**What to do**
Omit all images, then repeat exactly the lines below from the one containing "Кефир, 4 ст." through the one containing "Die Ferienwohnung teilt", both ends included.

**Dataset entries**
--- START ---
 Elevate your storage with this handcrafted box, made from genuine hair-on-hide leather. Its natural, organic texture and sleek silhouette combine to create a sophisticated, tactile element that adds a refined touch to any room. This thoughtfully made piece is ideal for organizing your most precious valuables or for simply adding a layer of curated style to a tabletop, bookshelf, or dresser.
--- END ---
--- START ---
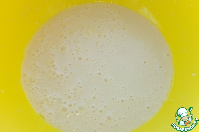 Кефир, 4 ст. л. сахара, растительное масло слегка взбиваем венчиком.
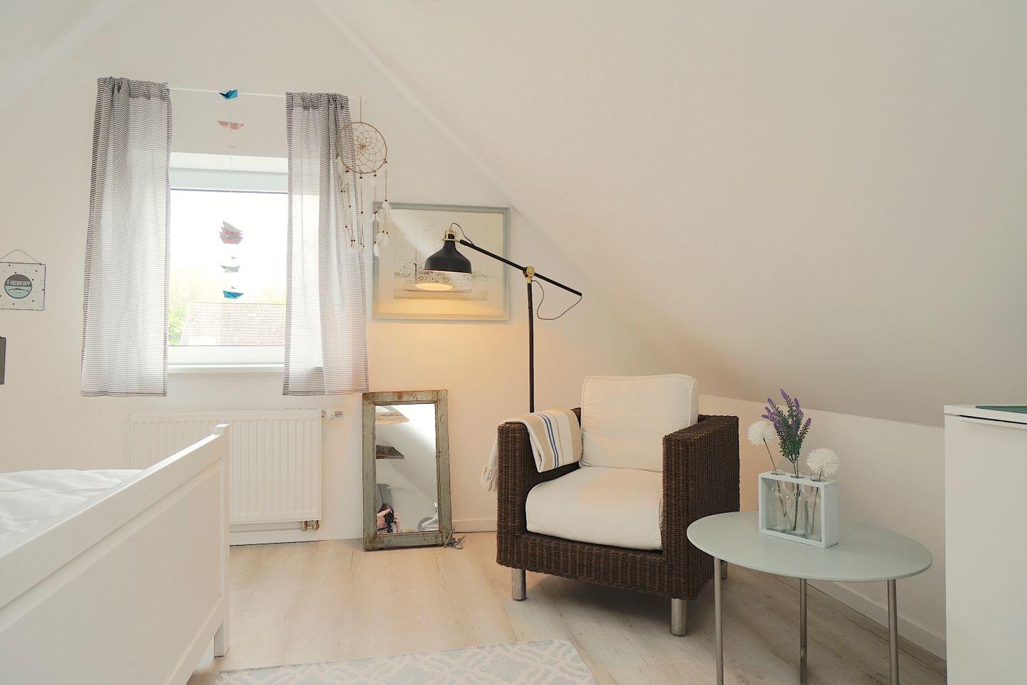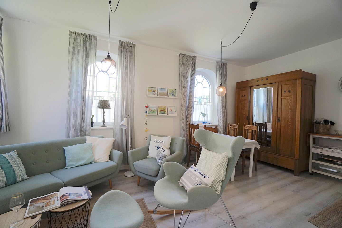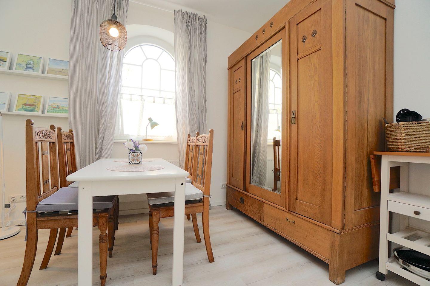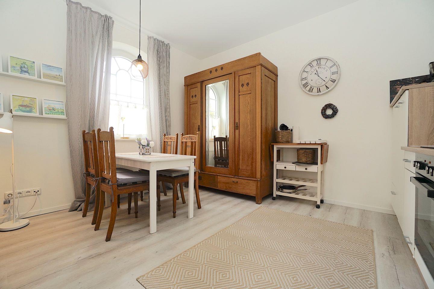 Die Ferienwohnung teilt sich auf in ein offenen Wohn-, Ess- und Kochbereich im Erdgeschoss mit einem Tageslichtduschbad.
--- END ---
**Completed exercise**
 Кефир, 4 ст. л. сахара, растительное масло слегка взбиваем венчиком.
 Die Ferienwohnung teilt sich auf in ein offenen Wohn-, Ess- und Kochbereich im Erdgeschoss mit einem Tageslichtduschbad.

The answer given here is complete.